The second barrier is customer barriers . The certification cycle for MLCCs used in AI servers takes 12 to 18 months; automotive-grade certification is even more stringent, taking 2 to 3 years. Once a manufacturer enters the supply chain of a major customer, the customer will not easily switch, because switching to another manufacturer requires recertification, and the time and risk costs are frighteningly high. This stickiness makes the leading manufacturers' position exceptionally stable.

The third barrier is the capital barrier . An investment of $300 million to $500 million is required for a high-end production line, and it takes four to five years from completion to full production. This means that the money you invest today will only see a full return five years later, during which time you also bear the risks of technological iteration and demand fluctuations. Without substantial capital and long-term patience, it's simply impossible to participate.

The fourth barrier is the patent barrier . Murata holds the most patents in the industry and even received the IEEE Milestone Award in 2024. It's extremely difficult for newcomers to bypass these patents and develop high-end products.
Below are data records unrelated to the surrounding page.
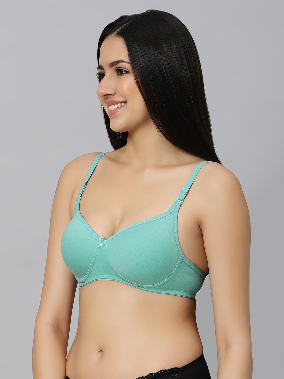 Vendor:Blue NixieBlueNixie BN0210 Cotton Rich T-Shirt Bra 2 Pcs.Combo Of Black & Skin Made of combed cotton rich bio washed fabric in molded cups in full coverage design. Broad shoulder straps for better support. Soft under bust band for comfort. Extra side panels on cups for hiding bulges. Mold cups for smooth looks. Best suited for tight apparels...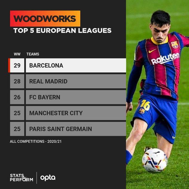 Как сообщает статистический портал Opta, данный эпизод позволил подопечным Рональда Кумана единолично возглавить своеобразный рейтинг наиболее невезучих команд из топ-5 европейского футбола, которые чаще остальных проверяют на прочность каркас ворот.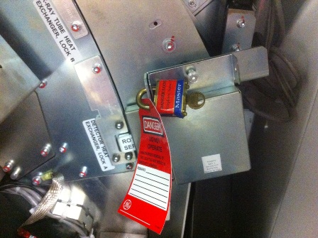 7. Flip the cover over the Rotational Service Lock and apply personal LOTO device and tag.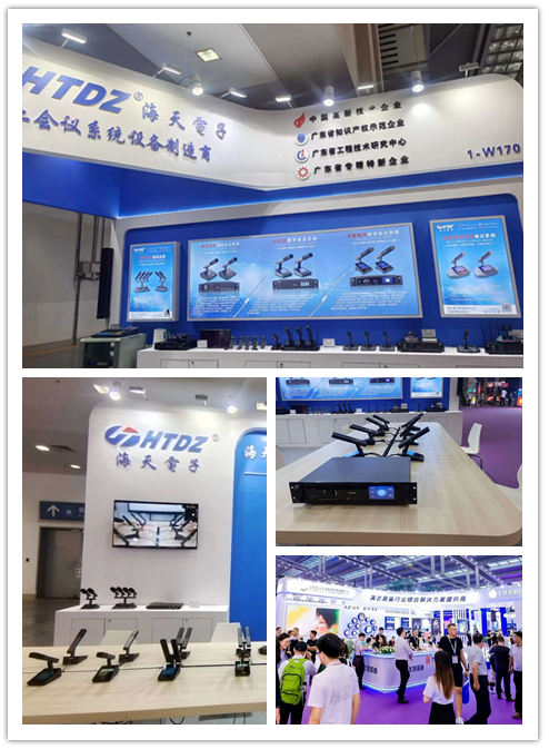 恩平市海天电子科技有限公司展会中展出了如意系列演讲话筒、数字红外无线会议系统、分区式数字会议系统、全屏触控数字会议系统、优先无线共用会议系统等。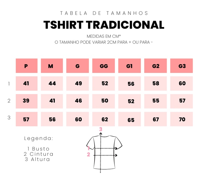 As medidas podem variar 2cm para mais (+) ou para menos (-)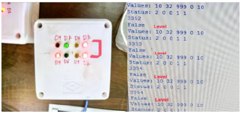 Figure 14. Level sensor value 10cm and turn on LEDS (D2&D3)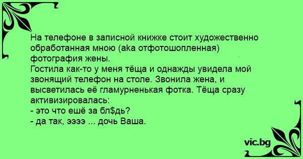 На телефоне в записной книжке стоит художественно обработанная мною (aka отфотошопленная) фотография жены. Гостила как-то у меня тёща и однажды увидела мой звонящий телефон на столе. Звонила жена, и высветилась её гламурненькая фотка. Тёща сразу активизировалась: - это что ешё за бл$дь? - да так, ээээ ... дочь Ваша.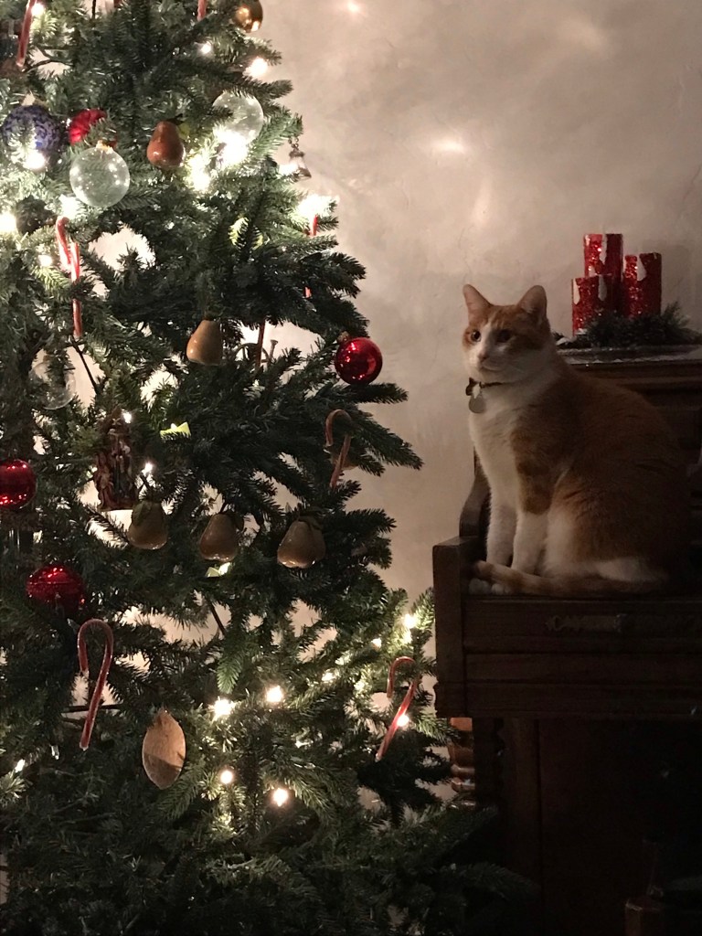 We put up a few decorations, including this candle display that our friend Kim made (behind the picturesque orange cat).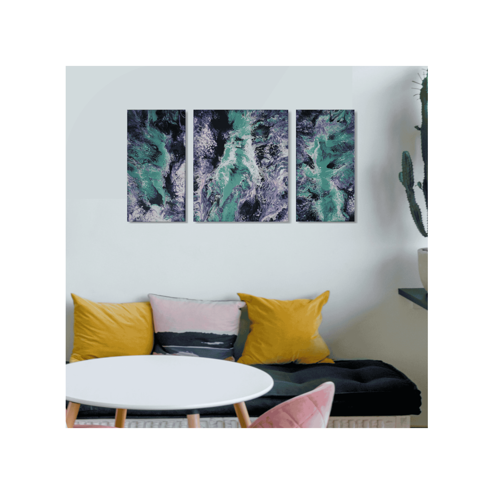 Perfect for interiors, this acrylic pour adds a splash of color and movement.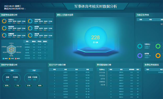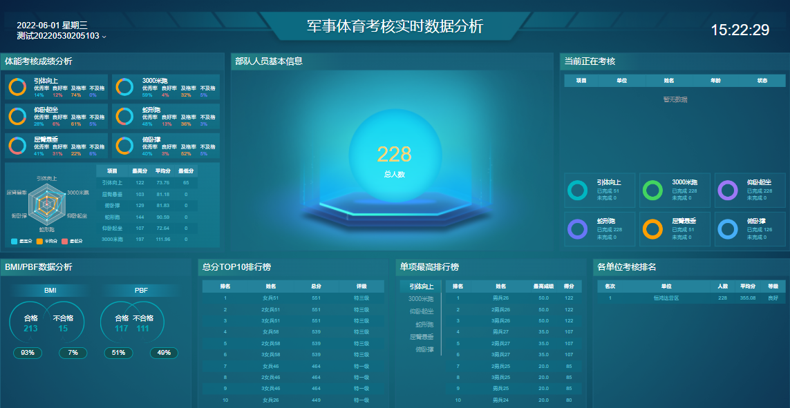 作训部门首长领导可通过考核实时数据分析视图页,全面实时查看训练考核整体情况,通过视图实时了解考核完成情况及进展信息。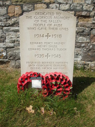 DEDICATED TO/ THE GLORIOUS MEMORY/ OF THE FALLEN/ PEOPLE OF AUST/ WHO GAVE THEIR LIVES/ 1914 - 1918/ (Names)/ 1939 - 1945/ (Names)/ (...)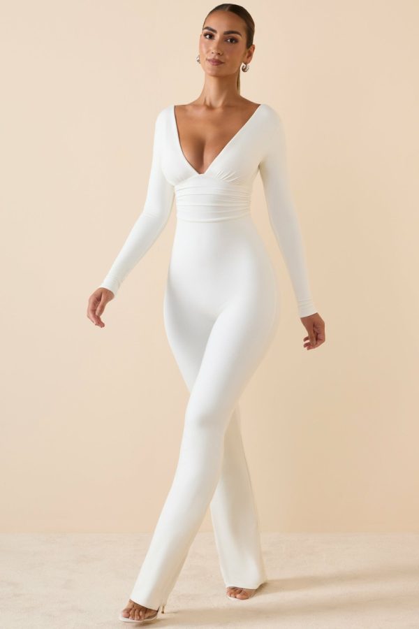 Year-round styling made easy. A staple piece that can be dressed up or down, the Helene jumpsuit is crafted from our signature buttery soft and stretchy jersey made with TENCEL™ Modal fibres, derived from controlled or certified wood sources. It’s framed with a plunging V-neck, ruched detailing at the waist and falls to an elongating flared silhouette.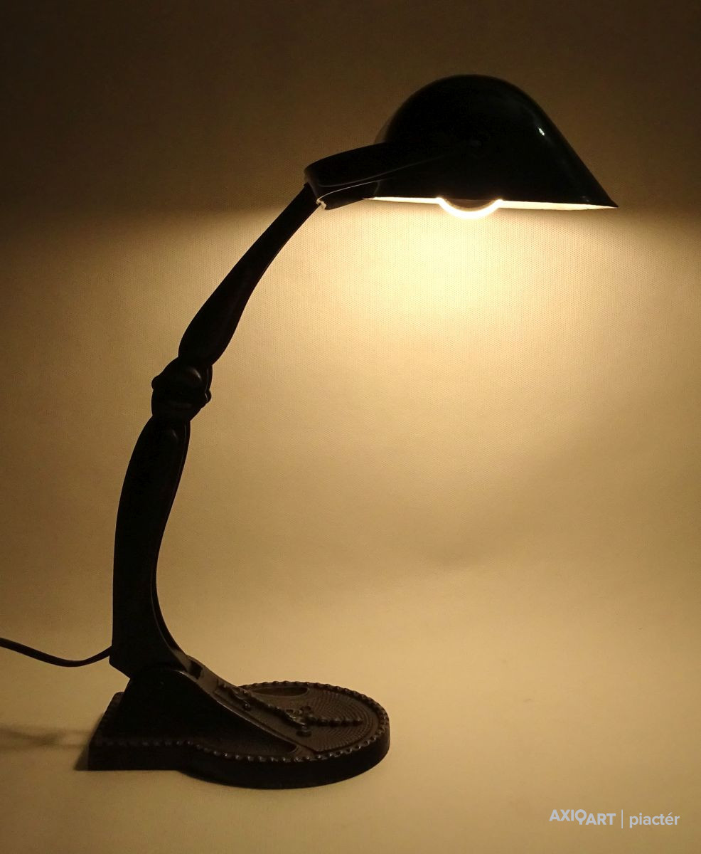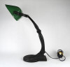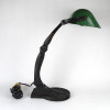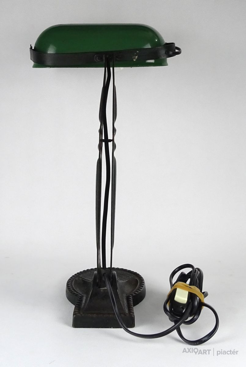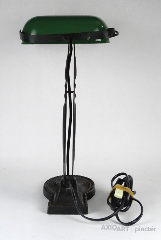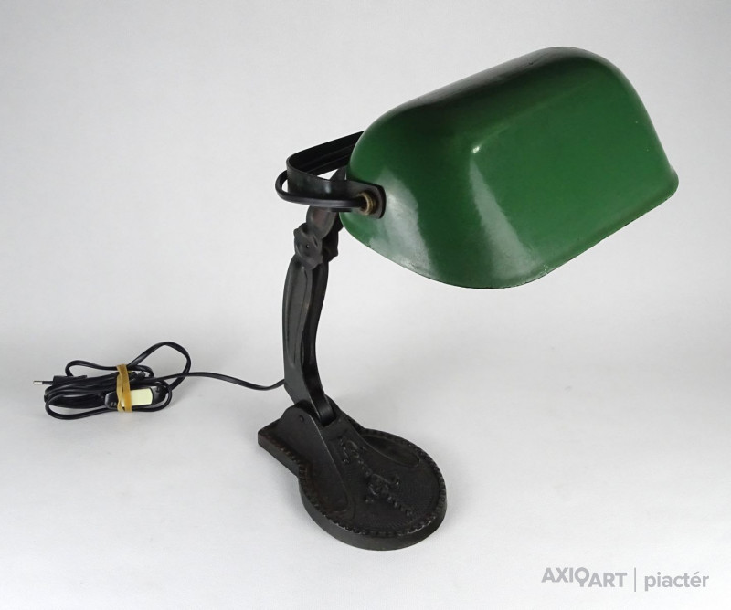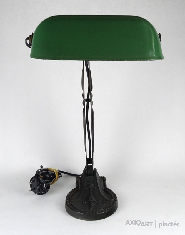 Nagyon régi, működő állapotban lévő öntöttvas fém talpas méregzöld színű fém burás banklámpa, íróasztali lámpa. A lámpa burája zománcozott. Nagy méretű (E27) izzó való bele.

The fifth barrier is the talent barrier. It takes 5 to 10 years to train a core engineer to work independently, and the lifetime employment system of Japanese companies keeps these valuable talents firmly within the system, making them impossible to poach. The sixth barrier is the scale barrier. Leading manufacturers produce trillions of units annually; the cost advantages and accumulated process data from this scale are unattainable for new entrants.
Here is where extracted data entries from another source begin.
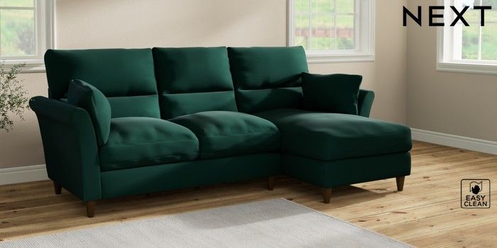 7.2.10 Hartley Highback Relaxed Sit Medium Sofa Chaise - Right Hand Plush Velvet Easy Clean Bottle Green Low Conical - Mid | Made Click here to use our website with more accessibility support, for example screen readers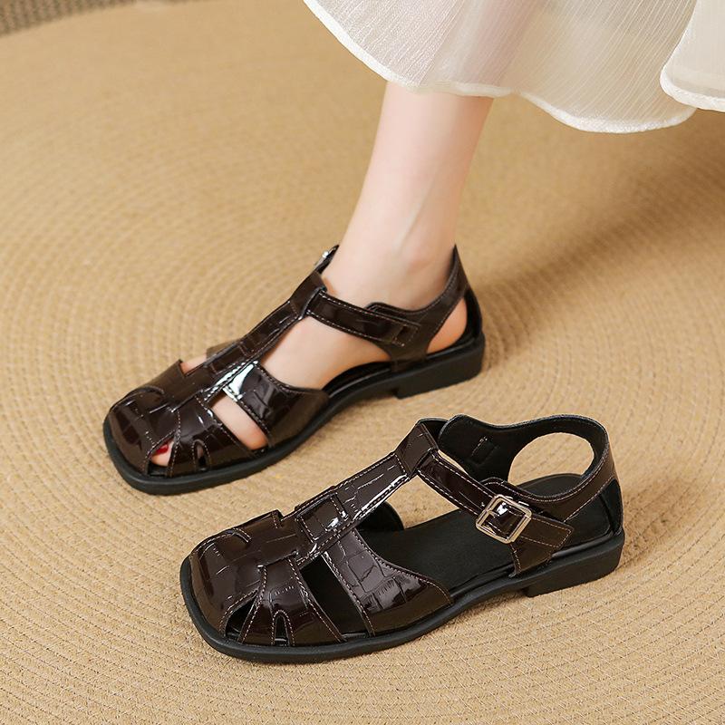 Square head hollow versatile casual pig cage shoes women's summer new retro baotou woven flat Roman sandals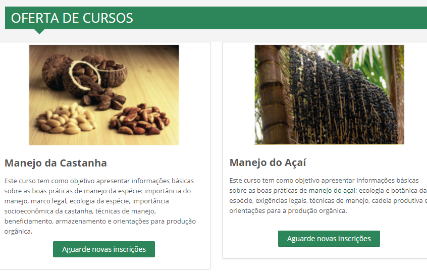 São ofertados 10 cursos, de educação a distância, relacionados ao cultivo florestal de castanha e açaí, ao manejo florestal de madeira, à técnica de exploração de impacto reduzido, à gestão de organizações comunitárias (associações e cooperativas), às concessões florestais, à silvicultura de espécies florestais nativas e à experiência de manejo florestal comunitário.

The real moat is never a single technology, but something built up over decades that cannot be bought or copied.

Because of these six barriers, MLCC capacity expansion is extremely slow, with the industry's overall capacity growth at only around 10% annually. Behind this are eight intertwined reasons: the delivery time for key equipment alone is 12 to 18 months; process debugging for new production lines takes 6 to 12 months; yield ramp-up is a slow process that cannot be rushed; there is a chronic shortage of high-end talent; upstream raw material bottlenecks exist; manufacturers remember the painful lessons of blindly expanding capacity in the past and are hesitant to make significant investments; technology iterates too quickly, and production lines invested in today may be outdated tomorrow; coupled with structural mismatch in capacity, what can be produced is not what the market demands. With these eight factors combined, capacity expansion cannot be accelerated even if desired.

The most intriguing reason here is the sixth one—the lessons of the past. In the last cycle, many manufacturers frantically expanded production at the peak, only to see demand decline and the concentrated release of new capacity cause prices to plummet, taking years to recover . This memory has made today's leading manufacturers exceptionally restrained in expanding production. They would rather earn less from capacity expansion than destroy the hard-won high-price cycle. This collective "restraint" is essentially a supply discipline, and it is precisely this discipline that makes this round of supply-demand gap more difficult to fill than ever before. In other words, the slow pace of expansion is half due to objective limitations and half due to subjective unwillingness.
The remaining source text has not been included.